## Given information
========

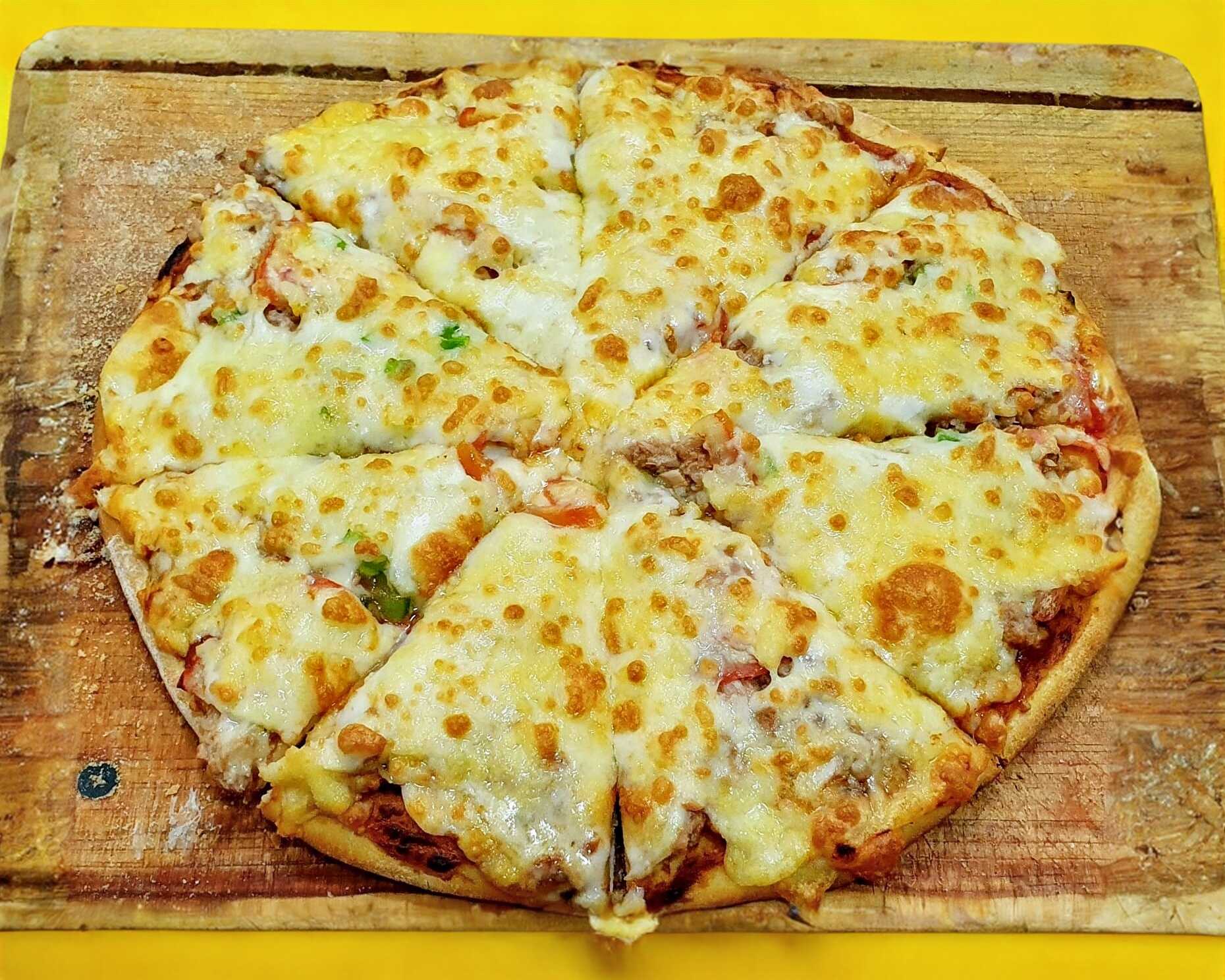 Pizza de 12" (8 rebanadas), atún, tomate, pimiento, cebolla y queso mozzarella
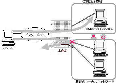 (インターネット)からも内部(LAN)からも隔離された領域のことを言います。 本商品では、仮想的にDMZ領域を作り、外部からアクセスされるDNSサーバ、 メールサーバ、Webサーバなどを仮想DMZ領域に配置する ことで、既存のLANに対してセキュリティを確保する機能を提供しています。 本商品のDMZホスティング機能は、これらの機能を組み合わせることにより、 お客様のパソコンをより安全に保つことができます。 ただし、DMZホスティング機能を、利用しても完全に被害をなくすことが できることを保証するものではありません。 被害を最小限に止めるための機能とご理解いただきご使用ください。 | ||||||||||||||||||||
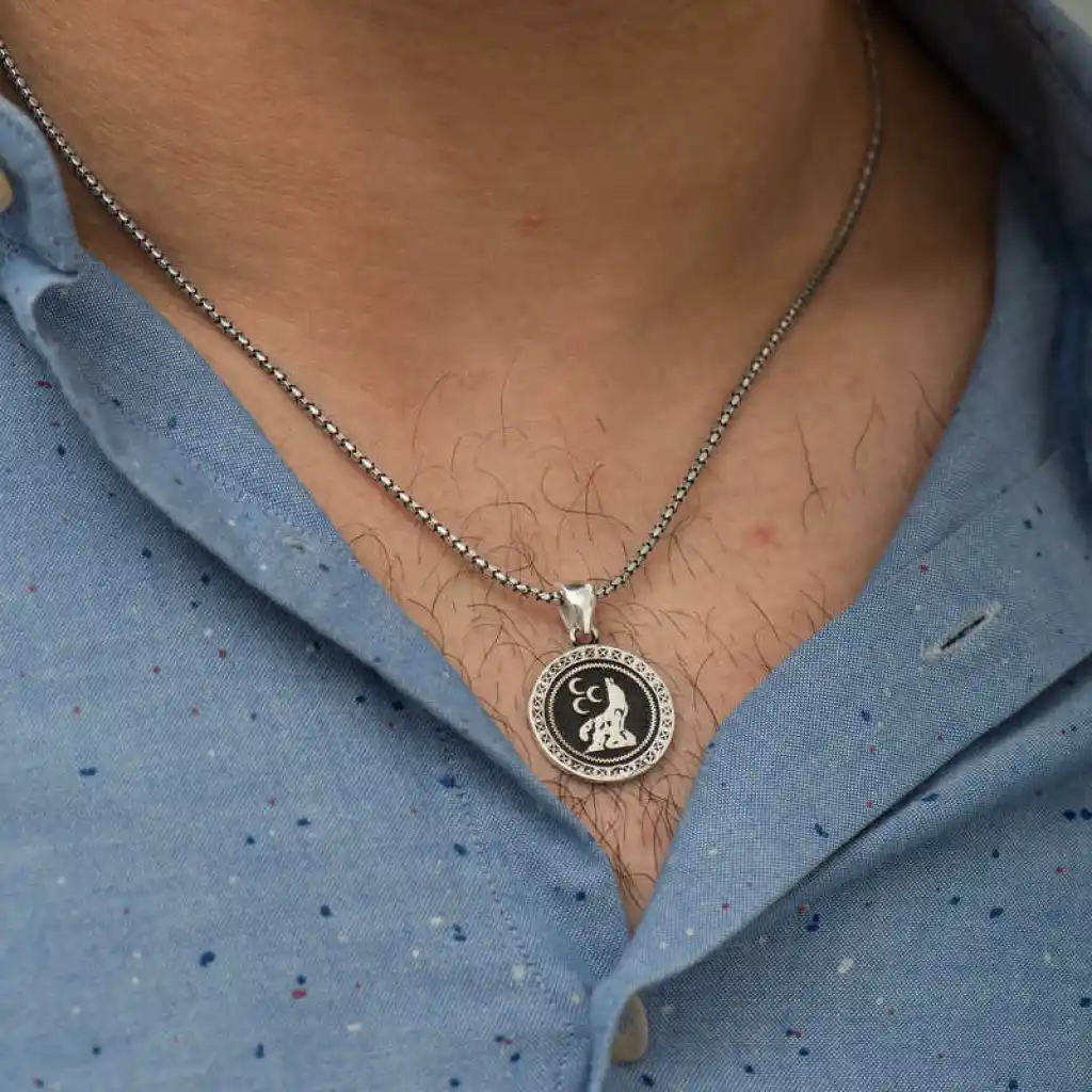 Bozkurt, Türklerin ulusal sembolüdür. Tarih öncesi dönemlerden beri Türklerce kutsal sayılmıştır. Bozkurt"un kutsal sayılmasının ve Türklerin ulusal sembolü olmasının en önemli nedeni, Türklerin bir bozkurtun soyundan geldiklerine inanmalarıdır. Bozkurt, bugün Türk milliyetçiliğinin sembolüdür. Atatürk tarafından da ulusal sembol ilan edilmiş ve birçok yerde kullanılmıştır. Cumhuriyet’in ilk yıllarında Türk Parası üzerine Bozkurt resimleri basılmıştır. Hilal taktiği (veya Turan/Türk taktiği) adı verilen yarım çember ile düşmanı ortaya alıp çemberi kapatma stratejisinin kurtlardan görülerek ilk defa Türkler tarafından uygulanmıştır. Üç hilal bozkurt kolye 925 ayar gümüşten imal edilmiştir. Gümüş üzerine oksit kaplama yapılmıştır. Oksit kaplama yapılan gümüş kolye modelleri parlaklığını uzun süre muhafaza eder ve oksitlenmesi gecikir. Gümüş olan zincir boyu ortalama 55 cm"dir. Bu üç hilal bozkurt kolye de diğer gümüş kolye modellerinde olduğu gibi el emeği ile üretilmiştir. Gümüş ve değerli taşlar nedeniyle belirtilen ürün ağırlığında ± %10 sapma olabilmektedir.

========

## Work order
With the pictures left out, restate word for word every line of the data above, from the first down to the line that contains "被害を最小限に止めるための機能とご理解いただきご使用ください。 | ||||||||||||||||||||".

## Exercise output
 Pizza de 12" (8 rebanadas), atún, tomate, pimiento, cebolla y queso mozzarella
 (インターネット)からも内部(LAN)からも隔離された領域のことを言います。 本商品では、仮想的にDMZ領域を作り、外部からアクセスされるDNSサーバ、 メールサーバ、Webサーバなどを仮想DMZ領域に配置する ことで、既存のLANに対してセキュリティを確保する機能を提供しています。 本商品のDMZホスティング機能は、これらの機能を組み合わせることにより、 お客様のパソコンをより安全に保つことができます。 ただし、DMZホスティング機能を、利用しても完全に被害をなくすことが できることを保証するものではありません。 被害を最小限に止めるための機能とご理解いただきご使用ください。 | ||||||||||||||||||||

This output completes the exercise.